Шестеро. Все с алыми кушаками.

Мелкие фарфоровые осколки дорогой тонкой посуды ломались под подошвами сапог. Я осторожно, стараясь держаться стены, начал обходить комнату по кругу и, сделав несколько шагов, остановился. Взгляду открылась та часть помещения, что раньше была скрыта упавшим шкафом.

Рядом с буфетом, раскинув руки, лежала Проказа.

Невзирая на то, что она смогла уничтожить шестерых колдунов, ее убили. Кто-то подгадал момент и ударил старуху в шею ножом с пожелтевшей рукоятью. «Гаситель Дара». После него Целительница не могла выжить.

То ли убийца торопился, то ли испугался, то ли артефакт ему был без надобности. Этого я не знал. Но он не стал забирать бесценное оружие себе. Оставил там, где ему самое место — в теле одной из Шести.

Уже безо всякой опаски я подошел к ведьме.

Теперь ее седые волосы казались неряшливыми и грязными. Лицо — обрюзгшим, пожелтевшим и обиженным. Неподвижные, широко распахнутые глаза — дешевыми блеклыми стекляшками. Подол юбки при падении приподнялся, обнажая белые, рыхлые, испещренные множеством широких синих вен, голени.

Сейчас в Проказе не было ничего от грозной, наводящей ужас на тысячи людей Проклятой. Передо мной лежала всего лишь мертвая, жалкая, несчастная старуха.

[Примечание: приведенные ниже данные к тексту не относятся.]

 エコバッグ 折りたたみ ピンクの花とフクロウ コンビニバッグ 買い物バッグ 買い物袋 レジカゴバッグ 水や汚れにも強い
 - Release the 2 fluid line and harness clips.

Я выдернул нож из ее горла, вытер о скатерть. Заглянул в соседнее со столовой помещение. Там, в большой бадье, поднималось тесто. Два кота, белый и черный, безмятежно лакали молоко из мисок.

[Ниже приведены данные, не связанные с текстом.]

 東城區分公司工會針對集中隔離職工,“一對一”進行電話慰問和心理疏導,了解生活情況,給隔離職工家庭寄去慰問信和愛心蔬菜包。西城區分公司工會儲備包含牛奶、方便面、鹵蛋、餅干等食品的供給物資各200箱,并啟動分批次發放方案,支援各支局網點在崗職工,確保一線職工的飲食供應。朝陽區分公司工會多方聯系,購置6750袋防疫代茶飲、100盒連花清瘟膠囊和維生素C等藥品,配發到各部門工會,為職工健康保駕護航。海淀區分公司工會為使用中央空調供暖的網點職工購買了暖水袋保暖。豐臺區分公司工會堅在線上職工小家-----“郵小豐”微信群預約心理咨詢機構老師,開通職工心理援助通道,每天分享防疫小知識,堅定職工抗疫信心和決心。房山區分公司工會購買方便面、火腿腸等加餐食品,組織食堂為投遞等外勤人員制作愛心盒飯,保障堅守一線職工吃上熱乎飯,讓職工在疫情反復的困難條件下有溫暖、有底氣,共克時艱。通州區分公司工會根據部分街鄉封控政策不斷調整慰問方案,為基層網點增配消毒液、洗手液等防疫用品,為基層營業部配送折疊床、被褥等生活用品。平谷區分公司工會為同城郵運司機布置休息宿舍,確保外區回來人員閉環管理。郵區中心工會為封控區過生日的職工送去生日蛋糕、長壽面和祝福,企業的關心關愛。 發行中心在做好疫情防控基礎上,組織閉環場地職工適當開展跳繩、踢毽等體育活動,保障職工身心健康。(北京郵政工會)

Подойдя к буфету, я выдвинул ящик и сразу же обнаружил сумку Шена, а в ней четыре костяных наконечника. Эти сокровища я, не раздумывая, присоединил к ножу. Уже собираясь уходить, увидел на полу небольшую книжицу, лишь каким-то чудом не залитую кровью Проклятой.

Мне стало любопытно, и я поднял книжонку, отметив про себя, что она достаточно старая. Открыл на загнутой странице и увидел мелкий, разборчивый почерк:

«Думаю, все, что мы считаем основой магии — Дар, „искры“, плетения — не могут устоять перед ней. Конечно, сами пo себе они — огромная сила, бесконечный источник возможностей и созиданий, нo все равно жалко проигрывают главной силе нашего старого мира — любви. Возможно, сo стороны это звучит смешно и наивно, нo я прожил достаточно долго и открыл немало тайн, для того, чтобы утверждать — нет ничего сильнее любви. Это самая великая магия. Она, сама пo себе, содержит такую „искру“ и такие возможности, что освоившим это чувство без остатка…»

Я посмотрел на обложку.

«Заметки на полях. Кавалар».

Хотел отбросить в сторону, но тут вспомнил, что это имя несколько раз упоминала Лаэн. Кавалар — так звали Скульптора. Возможно, моему солнцу будут интересны эти записи. Бросив на тело Проказы последний взгляд, я вышел в коридор.

— Лаэн!

Нет ответа.

Я прошел весь первый этаж насквозь, затем поднялся на второй и заглянул в каждую комнату. Не пропустил даже кладовок. Там, где обрушилась крыша, пришлось перебираться через завалы, но никого, кроме четырех мертвых слуг, найти не удалось.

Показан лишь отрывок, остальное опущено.